▸ Data shown:
+++++
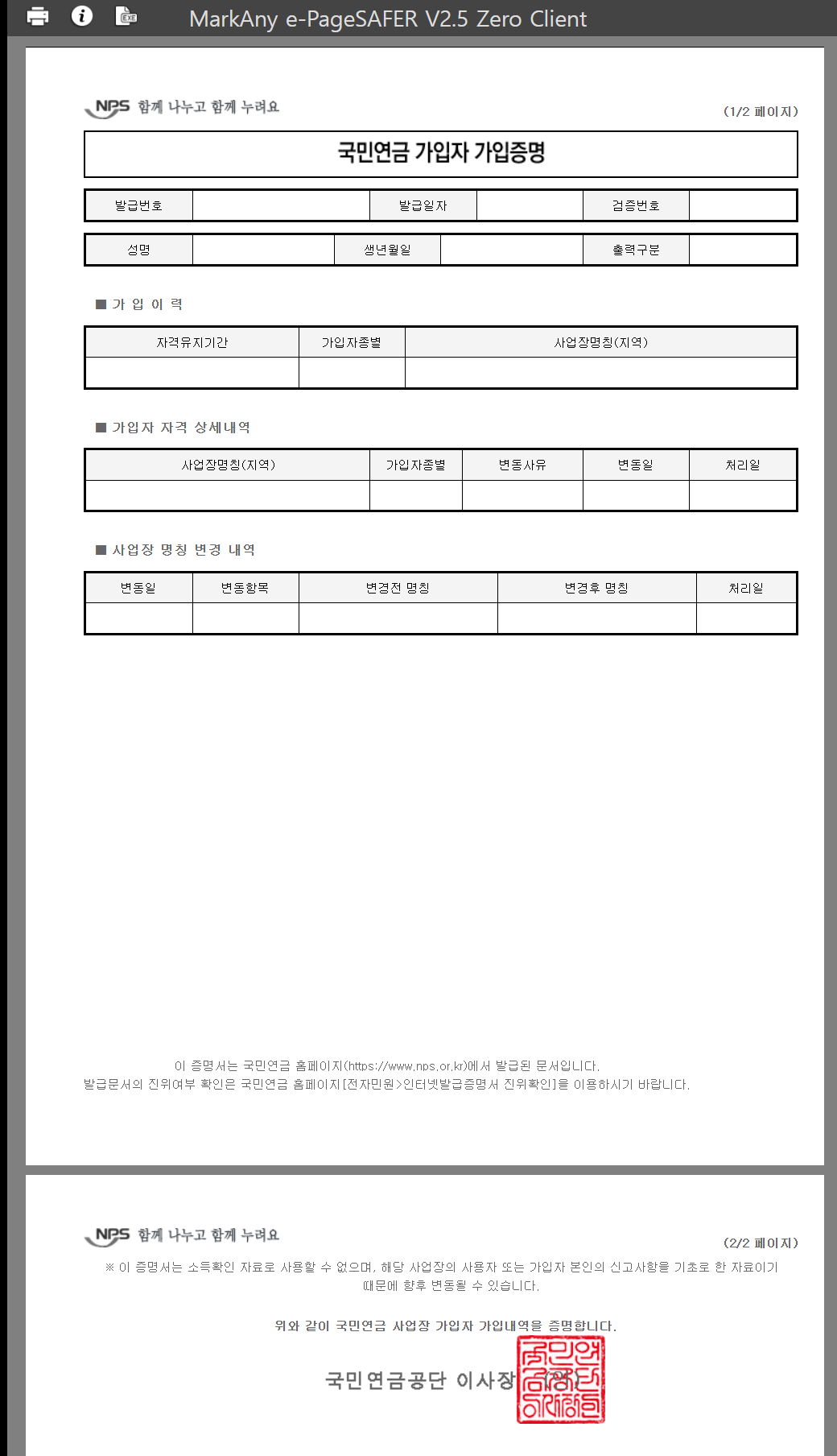 프린터발급, 팩스전송, 전자증명서 다 가능합니다.
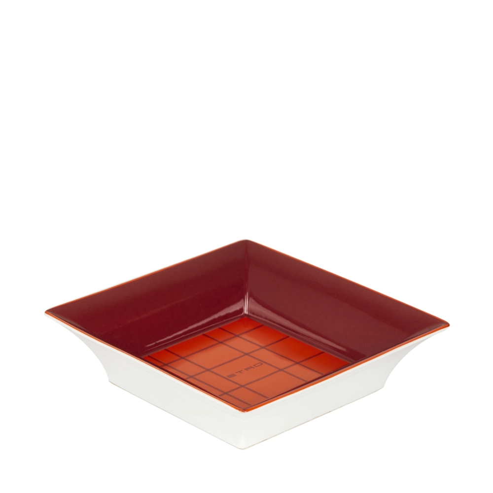 Introducing the TARTAN TRAY from ETRO Home, where artistry meets functionality in a burst of vibrant colors. Available in captivating shades of purple and orange, each tray features a mesmerizing geometric painting that adds a touch of modern sophistication to any setting.
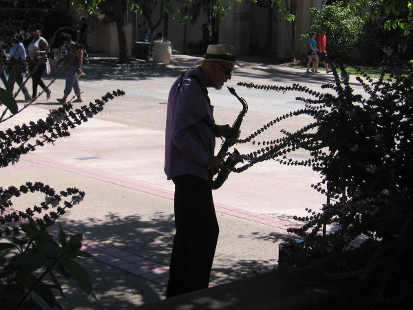 A street musician smiles on a beautiful Labor Day in Balboa Park.
+++++
▸ What you have to do:
The response must match the listing exactly, except that pictures are removed.

▸ Result for this exercise:
 프린터발급, 팩스전송, 전자증명서 다 가능합니다.
 Introducing the TARTAN TRAY from ETRO Home, where artistry meets functionality in a burst of vibrant colors. Available in captivating shades of purple and orange, each tray features a mesmerizing geometric painting that adds a touch of modern sophistication to any setting.
 A street musician smiles on a beautiful Labor Day in Balboa Park.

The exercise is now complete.